Paralelamente, Moscú ha criticado las negociaciones que la Administración Trump inició con los Talibanes (excluyendo al gobierno afgano), pero apoyó el acuerdo firmado en febrero de 2020 entre las dos partes. Ese acuerdo estableció la retirada de las fuerzas estadounidenses y el compromiso de los Talibanes de no apoyar a Al Qaeda u otros grupos que pudiesen atentar contra Estados Unidos.

Lewis concluye que en última instancia la política rusa en Afganistán “tiene como objetivo limitar la influencia estratégica occidental en un amplio arco desde Siria e Irán hasta la región de Afganistán-Pakistán y los Estados de Asia Central, en lo que Moscú se refiere cada vez más como "la Gran Eurasia".

Y el interés de Irán

Estados Unidos e Irán comparten el interés de combatir al Islamic State Khorasan Province, una rama del Estado Islámico que busca establecer un califato (Khorasan) en Afganistán, Pakistán y los países de Asia Central.

Las relaciones entre Irán y Afganistán han tenido momentos de alta tensión, especialmente durante el período que los Talibanes estuvieron en el poder.
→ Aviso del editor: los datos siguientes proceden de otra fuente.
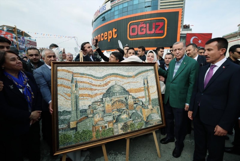 Miting bitiminde de Cumhurbaşkanına tablo takdim edildi.

A la vez, Irán alberga a alrededor de 800.000 refugiados afganos.  En los últimos años, Teherán ha desarrollado una política pragmática, tratando de tener buenos vínculos tanto con el gobierno afgano como con los Talibanes. A la vez, le preocupan que facciones radicales de los Talibanes y grupos como ISKP puedan ganar influencia, especialmente si se agrava la situación política, con la salida de Estados Unidos.

Como durante la Guerra Fría, Afganistán se ha convertido en territorio en disputa entre grandes potencias. La presencia militar de Estados Unidos ya no aseguraba la estabilidad del país, ni impedía las competencias entre otras potencias. La retirada reafirma que Washington ha perdido la capacidad de influir sobre dinámicas externas mientras que China, Rusia y poderes regionales ocupan su espacio.